Pages

Jumat, 25 Maret 2016

Satu orang Kristen saja, bukanlah orang Kristen



“Unus cristianus nullus cristianus”, demikian tulis Tertulianus, seorang Bapa Gereja dari abad-abad pertama kekristenan. Satu orang kristen saja, bukanlah orang Kristen! Apa maksudnya? Untuk menjadi Kristen, minimal harus dua orang (Mat 18:20). Mengapa? Iman Kristen berakar dari iman Israel.

Jika kita belajar dari sejarah, terutama sejarah Timur Tengah kuno, ada satu bangsa kecil yang tetap hidup dan bertahan. Siapa bangsa kecil itu? Bangsa itu adalah Israel. Mengapa? Apa keistimewaan mereka? Karena Allah menjadi pengikat, mereka memiliki Yahwe.
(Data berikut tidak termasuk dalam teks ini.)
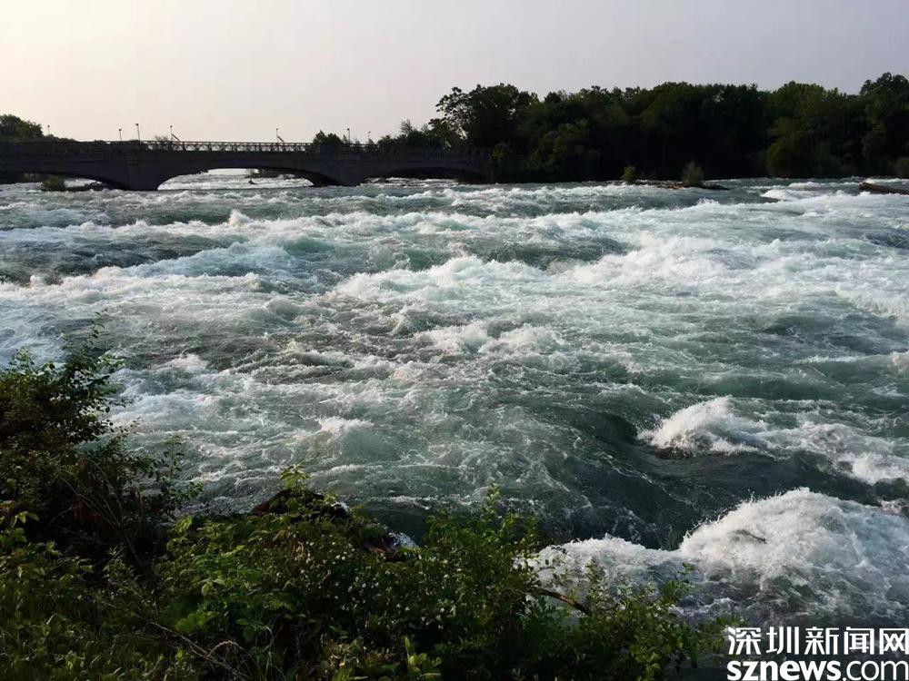 尼亞加拉河河水洶涌澎湃,水花翻滾著如翡翠一般。李仁奇 攝

Ini semua karena ada ikatan khusus antara Yahwe dengan Israel.

Walaupun orang-orang Israel itu sudah melupakan Allah mereka (Kel 3:13), namun ternyata Yahwe mau mendengarkan jeritan mereka (Kel 2:23; Kel 3:7). Umat Allah tidak dibentuk dari imperium-imperium besar, tetapi justru dari sebuah bangsa kecil yang tertindas

Mengapa Israel bertahan, yakni pengalaman berjalan bersama. Pengalaman itu adalah pengalaman melewati padang gurun, sebuah perjalanan  yang panjang dan sulit untuk sampai ke Tanah Terjanji. Itu yang membangun ikatan.
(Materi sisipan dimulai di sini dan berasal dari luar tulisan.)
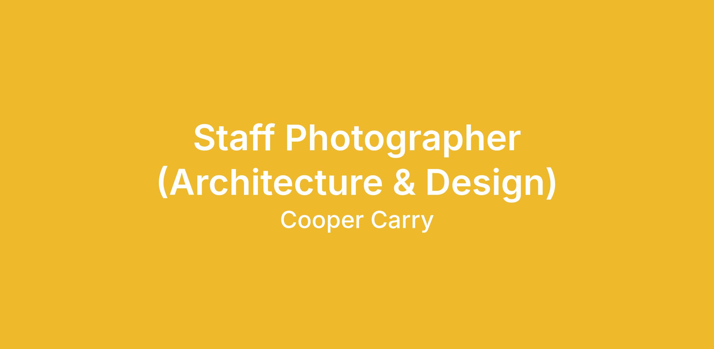 Cooper Carry is seeking a fullâtime, inâhouse Staff Photographer to serve as a centralized creative resource supporting our architecture, interior design, and planning practices across all studios and service lines. This role is responsible for producing highâquality, brandâaligned photography of the firm’s built work and design process for use in marketing, business development, awards, public relations, and various digital platforms.

Mereka telah dipanggil sebagai umat, artinya mereka tidak dibebaskan sendiri-sendiri, melainkan bersama-sama. Ikatan (perjanjian) itu, bukan saja antara Allah dan mereka, tetapi juga antar mereka. Ini membuat mereka menjadi saudara. Umat bukanlah sekedar pengelompokan individu-individu, yang hanya memikirkan hidupnya sendiri-sendiri.

Tidaklah bisa disebut sebagaiumat”, hanya karena “masuk” dalam kelompok tertentu, tetapi tidak kenal dengan orang lain dan tidak peduli dengan urusan orang lain. Pengalaman padang gurun yang sulit mengajar mereka hidup seperti itu.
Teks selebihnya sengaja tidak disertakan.